Postthrombotic syndrome (PTS) is a frequent complication of venous thromboembolism (VTE). Using MarketScan claims data from January 2012 to June 2015, we identified adults with a primary diagnosis code for VTE during a hospitalization/emergency department visit, ≥6 months of insurance coverage prior to the index event and newly started on rivaroxaban or warfarin within 30 days of the index VTE. Patients with <4-month follow-up postindex event or a claim for any anticoagulant during 6-month baseline period were excluded. Differences in baseline characteristics between rivaroxaban and warfarin users were adjusted for using inverse probability of treatment weights based on propensity scores.

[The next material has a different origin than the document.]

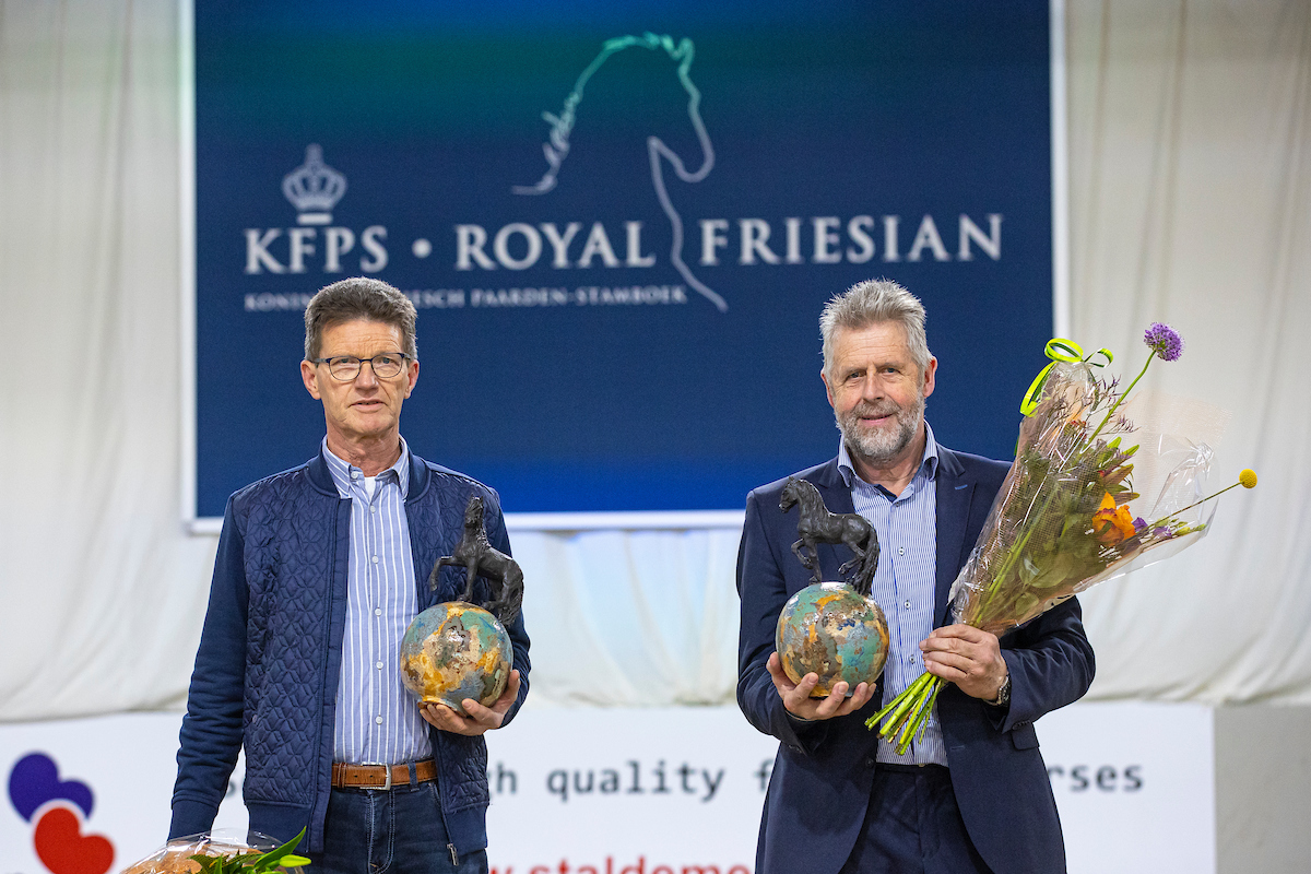 Bijna 40 jaar legden Harrie Draaijer en Jaap Boersma hun ziel en zaligheid in de fokkerij van het Friese paard, toegewijd, gedreven en buitengewoon deskundig verdienen ze alle lof. Op deze zaterdag was het moment om ze in de schijnwerpers te zetten. De laatste jaren vormden ze samen met Frenk Jespers als drie-eenheid de hengstenkeuringscommissie. In al die jaren keuren hebben ze het Friese paard luxer én beter bewegend zien worden. Bert de Ruijter zei het treffend: ‘de bolhoed af voor Harrie en Jaap.’

Patients were followed for the development of PTS starting 3 months after the index VTE. Cox regression was performed and reported as hazard ratios with 95% confidence intervals (CIs). In total, 10 463 rivaroxaban and 26 494 warfarin users were followed for a mean of 16 ± 9 (range, 4-39) months. Duration of anticoagulation was similar between cohorts (median = 6 months). Rivaroxaban was associated with a 23% (95% CI: 16-30) reduced hazard of PTS versus warfarin. Rivaroxaban was associated with a significant risk reduction in symptoms of PTS compared to warfarin in patients with VTE treated in routine practice.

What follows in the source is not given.